What to Discuss When Forming a Custody Agreement

As one of the stickier areas of divorce settlements, custody agreements often leave both parents fraught with worry. Ultimately, you're aiming to do what's best for any child involved. With the right family lawyer on your side, you can form an arrangement that works in their interests. Here are some arrangements you'll need to focus on.

Maintaining Meaningful Relationships

The primary objective of creating a custody agreement is to ensure the child maintains a meaningful relationship with both parents. This is something that the Family Law Act underpins. Sometimes, this doesn't always mean equally dividing the time the child spends between both parents. Doing so isn't always possible, particularly when it comes to securing the continuity of education. However, both parents should strive to ensure that the child has a consistent relationship with each party. A family law expert can help you secure such an agreement. 

Practical Challenges

It's often the case that custody arrangements can present practical challenges. For example, if one parent is moving to another area, it won't always be practical to secure a fifty-fifty split. When that's the case, the courts may move to have one parent care for the child during school periods and another during holidays. Courts may also look at factors such as how much support each parent has in their nearby area. This is particularly true of cases where the children are very young. Overall, the practical hurdles are viewed through the lens of determining what will work in the child's best interests.

Meeting the Child's Wishes

At a certain age, a child can express what they want from a custody arrangement.

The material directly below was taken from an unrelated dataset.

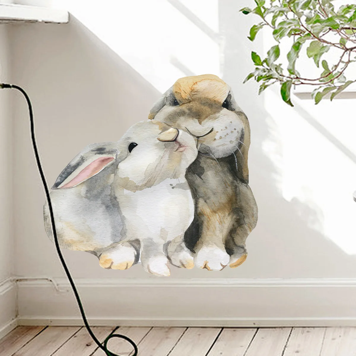 Comprar Pegatinas de pared de conejos de acuarela para habitación de niños, decoración de dormitorio de niños, guardería de bebé, calcomanías de pared autoadhesivas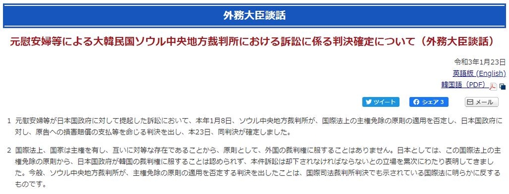 http://www.chosunonline.com/site/data/html_dir/2021/01/20/2021012080048.html>>76韓国政府は、慰安婦被害者に、日本政府が賠償するという韓国の裁判所の判決と関連して、政府レベルでは、日本についていかなる追加的な請求もしない方針だと明らかにしました。

With the use of experts, you can employ age-appropriate techniques for determining what will make each child happy. During this process, the courts tend to assess the child's maturity level and their ability to understand what is happening. In many cases, taking the child's wishes into account is important for protecting their relationship with each parent. 

Protecting Against Harm

Unfortunately, it isn't always the case that direct contact with a parent is safe for the child. If you feel this applies in your situation, make your family lawyer aware as soon as possible. They can then work to convince the courts to protect your child against harm. The courts will assess whether a steady approach to custody while the other parent addresses their problems is appropriate. For example, they may recommend phone contact or supervised custody order.